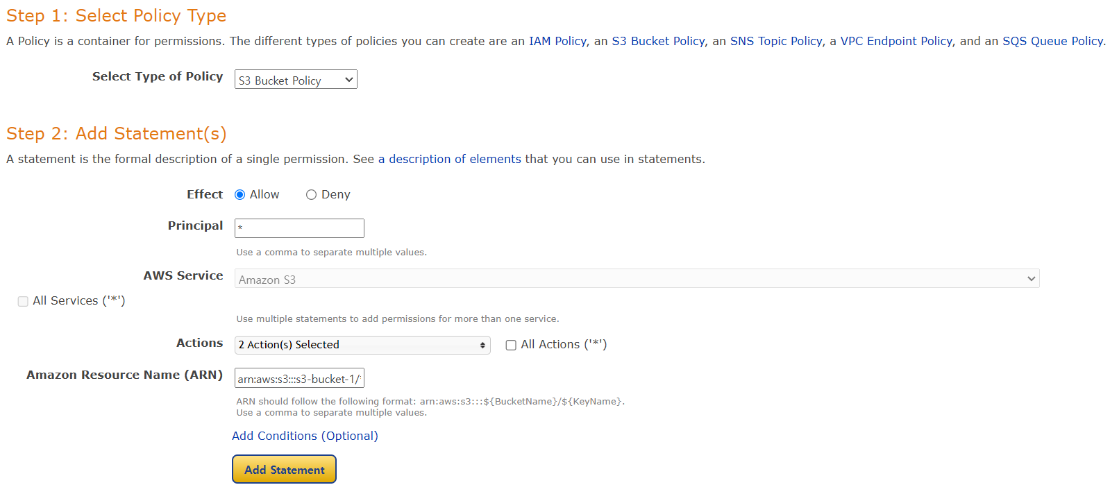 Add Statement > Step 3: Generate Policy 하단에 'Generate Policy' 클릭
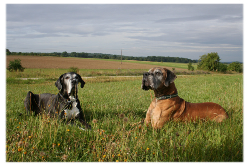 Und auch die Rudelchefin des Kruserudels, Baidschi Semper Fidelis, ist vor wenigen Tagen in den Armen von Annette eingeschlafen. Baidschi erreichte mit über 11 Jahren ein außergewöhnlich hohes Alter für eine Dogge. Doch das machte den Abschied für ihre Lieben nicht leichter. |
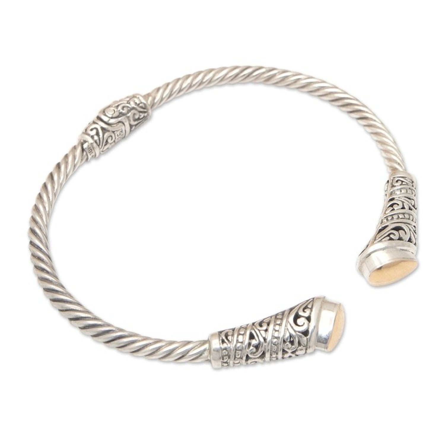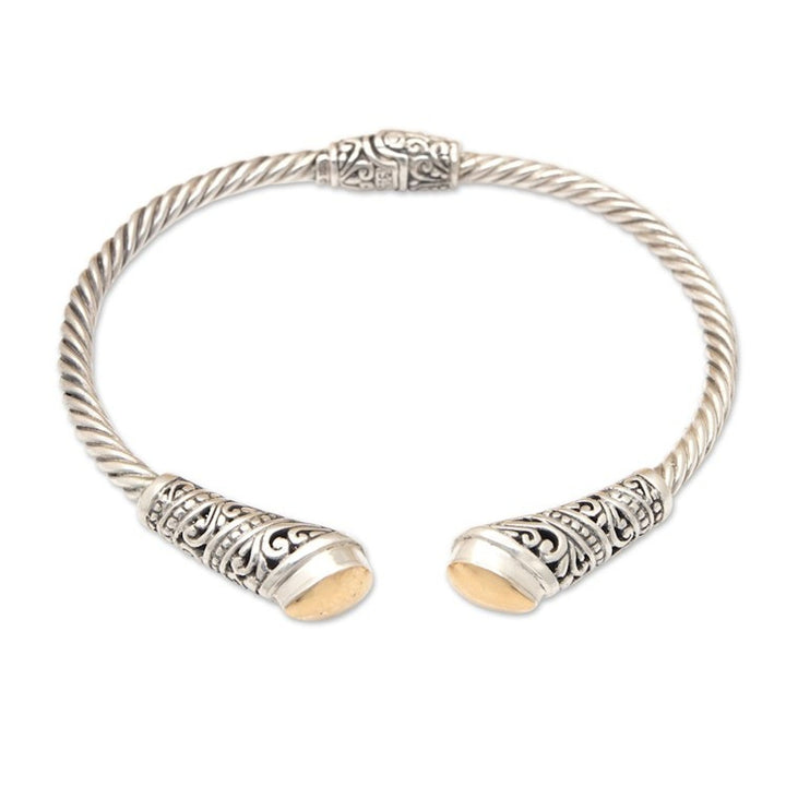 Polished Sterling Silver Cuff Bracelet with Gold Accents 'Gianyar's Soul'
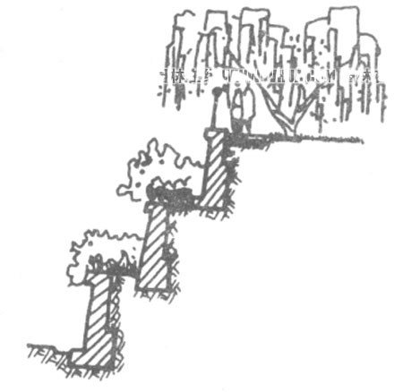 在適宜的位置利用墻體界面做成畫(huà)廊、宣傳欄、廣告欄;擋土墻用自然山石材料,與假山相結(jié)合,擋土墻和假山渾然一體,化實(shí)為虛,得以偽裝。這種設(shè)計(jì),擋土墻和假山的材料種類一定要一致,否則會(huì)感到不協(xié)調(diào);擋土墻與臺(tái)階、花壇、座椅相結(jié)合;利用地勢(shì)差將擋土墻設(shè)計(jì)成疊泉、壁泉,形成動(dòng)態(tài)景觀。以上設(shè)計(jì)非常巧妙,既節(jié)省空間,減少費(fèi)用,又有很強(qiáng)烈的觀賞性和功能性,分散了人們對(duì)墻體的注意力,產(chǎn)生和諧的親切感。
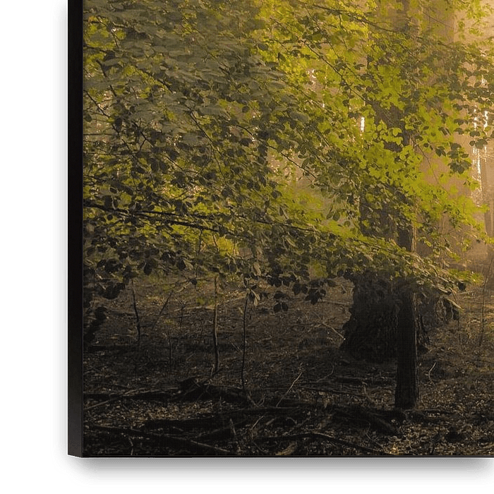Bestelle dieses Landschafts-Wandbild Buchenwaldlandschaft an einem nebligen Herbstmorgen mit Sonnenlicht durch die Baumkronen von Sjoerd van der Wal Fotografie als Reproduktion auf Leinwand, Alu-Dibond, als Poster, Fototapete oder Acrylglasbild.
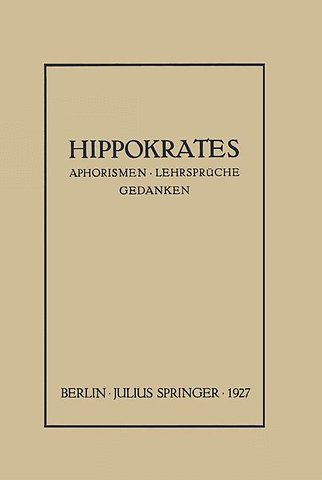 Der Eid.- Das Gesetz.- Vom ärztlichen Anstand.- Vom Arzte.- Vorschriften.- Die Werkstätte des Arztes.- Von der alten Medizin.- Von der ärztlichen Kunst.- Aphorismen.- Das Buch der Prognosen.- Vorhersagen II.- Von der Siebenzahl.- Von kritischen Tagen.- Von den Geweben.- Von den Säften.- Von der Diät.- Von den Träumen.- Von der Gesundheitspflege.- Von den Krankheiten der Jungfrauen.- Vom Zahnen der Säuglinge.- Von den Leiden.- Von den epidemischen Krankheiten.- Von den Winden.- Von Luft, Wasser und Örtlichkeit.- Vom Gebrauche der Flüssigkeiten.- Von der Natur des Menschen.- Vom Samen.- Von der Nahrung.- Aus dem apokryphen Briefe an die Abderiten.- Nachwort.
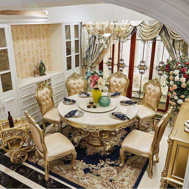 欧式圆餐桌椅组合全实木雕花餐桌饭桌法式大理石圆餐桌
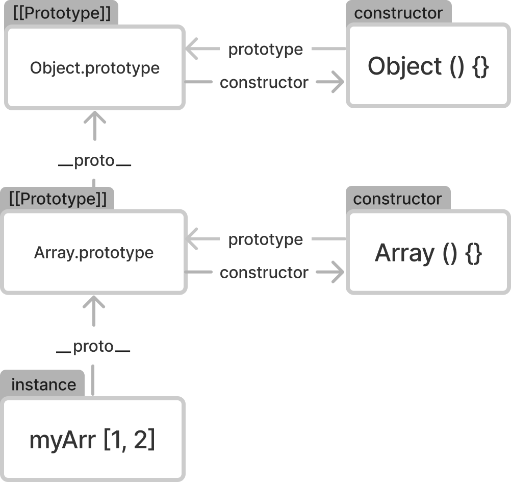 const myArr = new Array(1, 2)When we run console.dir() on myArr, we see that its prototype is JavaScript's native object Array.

▶ _WHAT IS BEING ASKED_: The lines wanted run from the one with "欧式圆餐桌椅组合全实木雕花餐桌饭桌法式大理石圆餐桌" through the final line of the data; repeat them word for word and skip every picture.

▶ _OUTPUT FOR THIS EXERCISE_:
 欧式圆餐桌椅组合全实木雕花餐桌饭桌法式大理石圆餐桌
 const myArr = new Array(1, 2)When we run console.dir() on myArr, we see that its prototype is JavaScript's native object Array.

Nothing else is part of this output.